God knows mankind's terrible birth handicap...his broken nature. This is a nature once whole and complete with God; a shining example of God's perfection now turned weak and sick and feeble in its moral abilities. This great God does not hate the sinner, but rather with eyes full of grace and mercy, compassionately calls and woos back His lost little lambs. His example of loving the unlovable is one to follow. In the eyes of Jesus, the poor and downtrodden are the heroes; they have nothing and know it. There is no pretense anymore for those who know they are the worthless of the world.

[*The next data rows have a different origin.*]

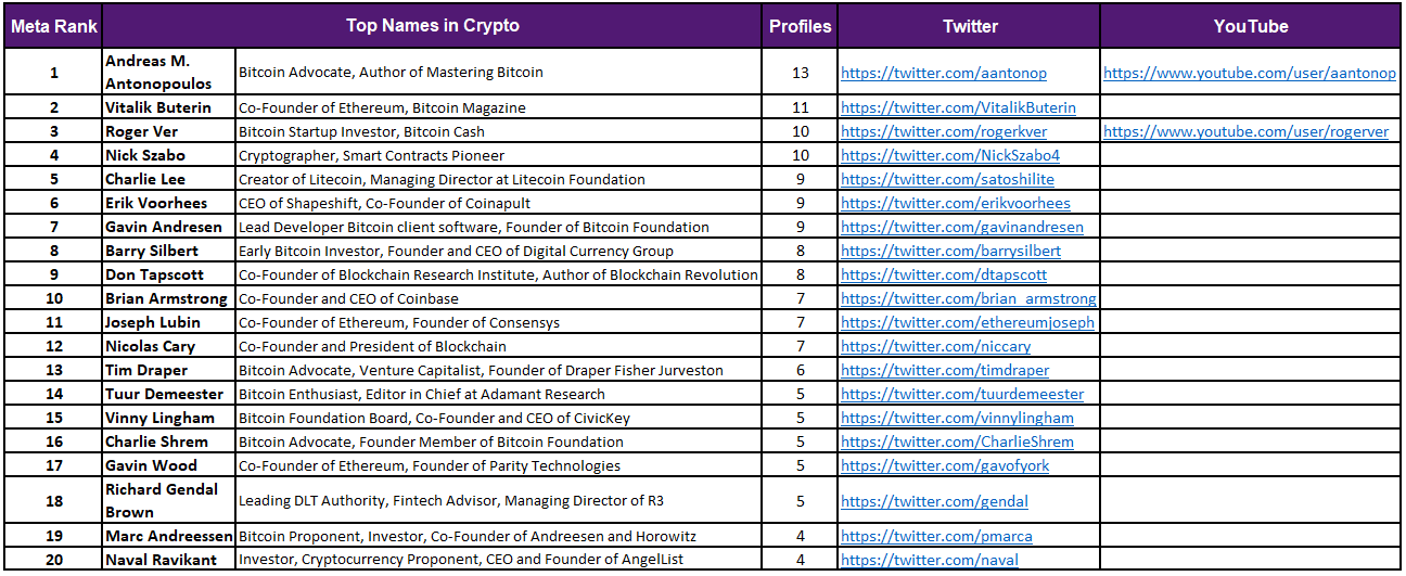 The current top 20 Top Names by Meta-Rank as of June 1, 2018 are posted here. With more than 400 Top Names in Crypto, our full list with Meta-Ranks is also available for free download using the link at the bottom.
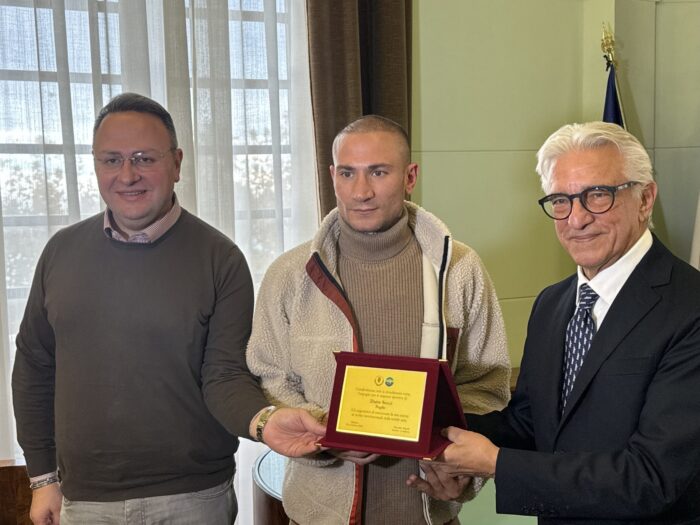 SA come la targa di Salerno, tatuata sul collo ma anche nel cuore del pugile campione del mondo, Dario Socci che sale sui ring internazionali “representing Salerno” con lui stesso con emozione ha ricordato questa mattina in una chiacchierata con il sindaco di Salerno, Vincenzo Napoli che gli ha consegnato una targa proprio per suggellare questo legame e la gratitudine che la città gli riserva. Con la speranza di poter realizzare un suo sogno nel …punchball (più che nel cassetto): organizzare quanto già realizzato nel Comune di Pellezzano, ovvero un incontro in una grande piazza, magari proprio Piazza della Libertà. A Pellezzano con il sindaco Francesco Morra, presente alla cerimonia che si è svolta nella stanza del primo cittadino di Salerno, l’evento si farà in primavera e Dario Socci ha voluto che l’ingresso sia gratis per i ragazzi con meno di 15 anni, perché vuole diffondere questa pratica sportiva a volte considerata violenta mentre può essere un percorso proprio per i ragazzi che come lui, nato a Fisciano, possono aver avuto momenti difficili nella vita da affrontare. Il suo prossimo incontro sarà in Thailandia, dove fuggirà delle vacanze natalizie, dove come ammette candidamente, fuggirà per non cadere nelle tentazioni della tavola natalizia.
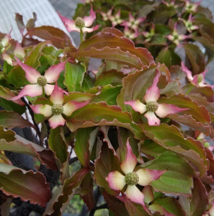 ヤマボウシの紅花ですが、品種名は判りません。中国原産の常緑性品種かもしれません。在来種は落葉性の白花が多いです。近くのマンションの植栽に使われていました。🦆
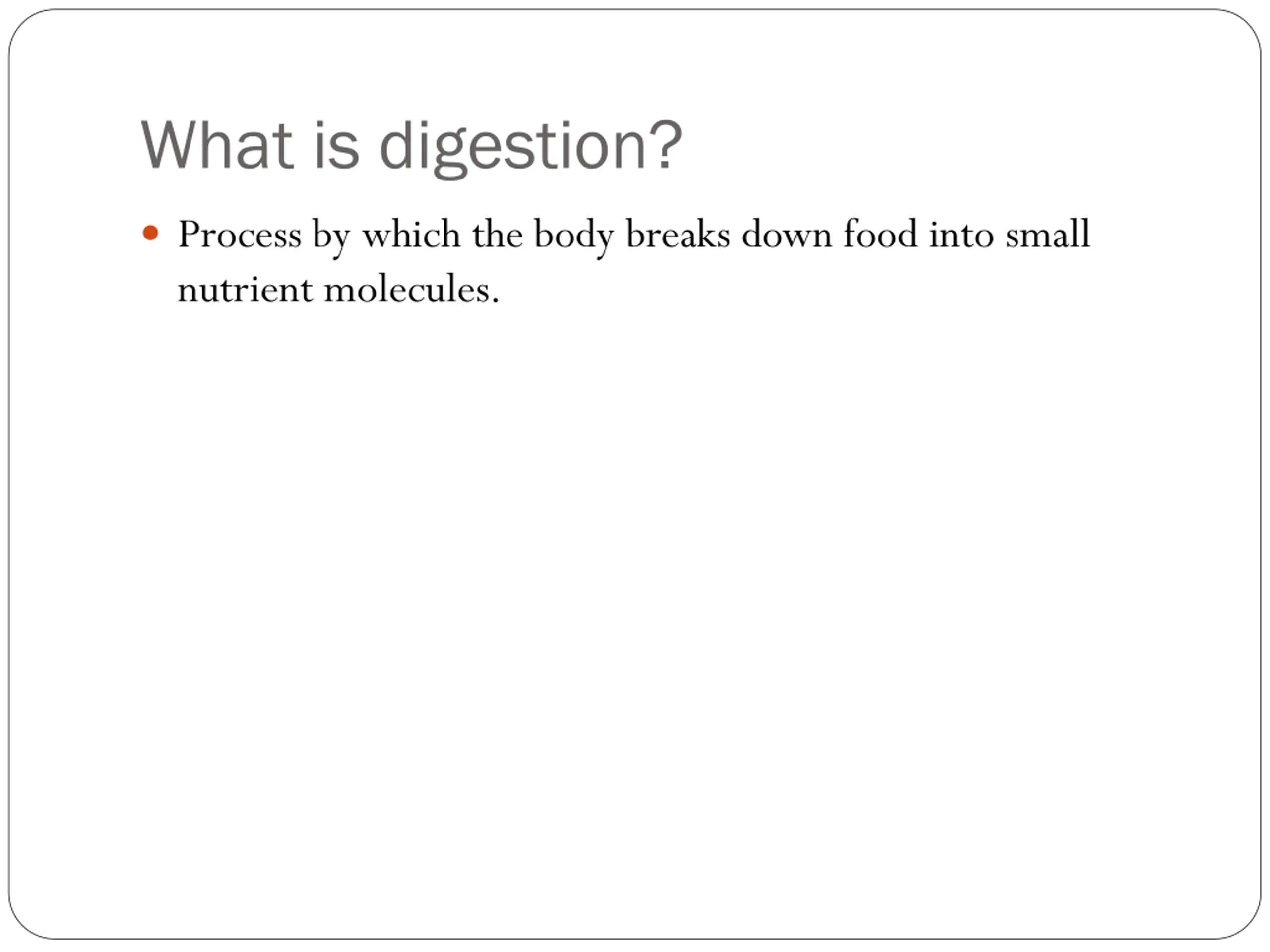 What is digestion? Process by which the body breaks down food into small nutrient molecules.
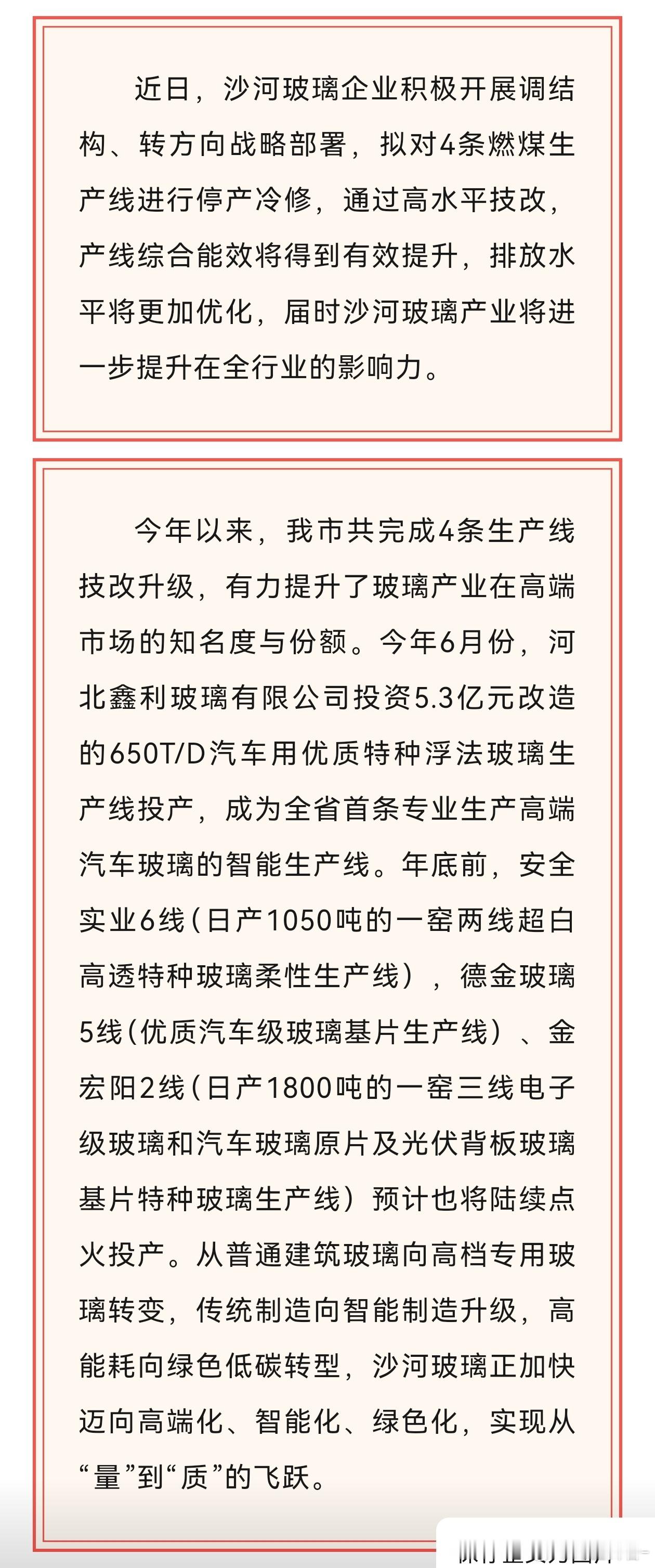 沙河玻璃产业主动求变,转型升级跑出加速度。期货

So when Jesus told them they could be children of the King of Kings and that He would love them and never forsake them…they flocked to Him, not for His money or power, but His message gave them hope and life in their dark world.

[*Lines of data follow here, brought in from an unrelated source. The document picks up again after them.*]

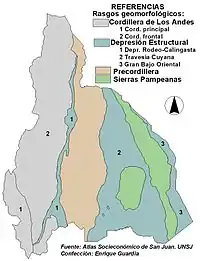 Рельєф переважно гористий. На заході провінції знаходять Анди, зокрема хребти Головна Кордильєра і Прекордильєра. Найвищою точкою є гора Мерседаріо (6770 м), найнижчою — болота Гванакаче (600 м). На сході розташовані посушливі рівнини, над якими знаходяться Пампінські гори. Загалом провінція знаходиться у сейсмонебезпечній зоні.
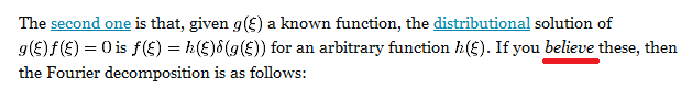 >Еще раз >используется в каждом первом учебнике физики. ну замечательно же; надо думать, в этом месте для тебя всё наконец понятно. я тебя поздравляю, если это действительно так (я тебе не верю, но не суть). потому что в твоём исходном уравнении и в том методе его решения, который так ударился тебе в сердечко, ничего сверх этого по существу и нет. немного больше арифметики с использованием дополнительных свойств преобразования Фурье, но на этом всё: внутри фреймворка, в рамках которого оно применяется и приводит к решению, обоснование то же самое. если тебе всё понятно с ним, то и с исходным вычислением должно быть понятно
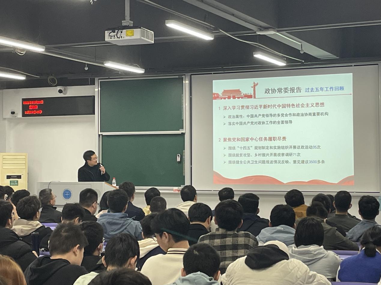 3月23日下午,机械与电子信息半次元召开传达学习2023年全国两会精神专题报告会。全国政协委员、院长丁华锋作传达学习全国两会精神专题报告,团委书记杜育主持会议。
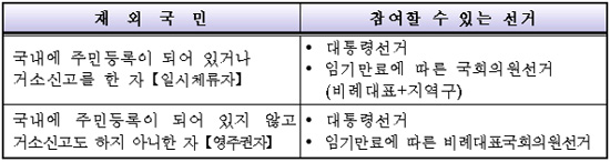 선거권이 있는 모든 재외국민은 대통령선거와 임기만료에 따른 비례대표국회의원선거에 투표할 수 있으며 국내에 주민등록이 되어 있거나 거소신고를 한 사람은 임기만료에 아이티 돕기 위해 남가주 교계 나섰다
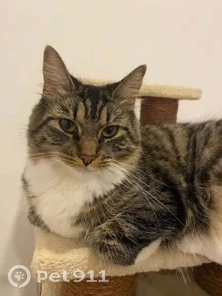 My cat is a female called Luna, a medium‑to‑large, long‑haired domestic cat with a very fluffy appearance. The fur has brown, black, and grey tabby markings, with a white chest, white belly, and white paws. The tail is very long and thick, with dark tabby colouring. The face has clear tabby markings, bright eyes, and tall upright ears. She has a soft, plush-looking coat and a distinctive contrast between the darker fur on her back and the white fur on her underside. Photo attached.

For the first few centuries, Christians were the humble models of godliness in their feeding the hungry, visiting the prisons, taking care of the sick and assuaging the pangs of the deprived. Then—BAM, along came religion! Constantine decreed Christianity to be the "religion" of his kingdom. I'm sure he meant well. You can command religion as he did, but you cannot command relationship with God…that is voluntary. So the church, now infused with pagans and pagan ideology, slowly morphed into a system intertwined with politics and the pursuit of wealth and power. Even today, some churches will not allow the ragged and the "smelly" to sit in their front pews. I am glad our little church's doors (both physical and of the heart) have always been open to those in need. We have ministered to those who show up in short-shorts and a "Whiskey Willie’s” T-shirt or those more affluent in the physical but poverty ridden morally and spiritually. The clean, orderly, program-driven, prosperity-seeking crowd filling many of the churches today seems a far cry from the original "motley crew” of dedicated servants of God.
I pray that you would truly listen to the radical message of Jesus and not get all "churchy"; that you would hunger and relish the message that you can actually have a relationship with the one and only God who will take you as you are and then lead you and guide you in the way you must go. Endure the fire. It’s producing pure gold!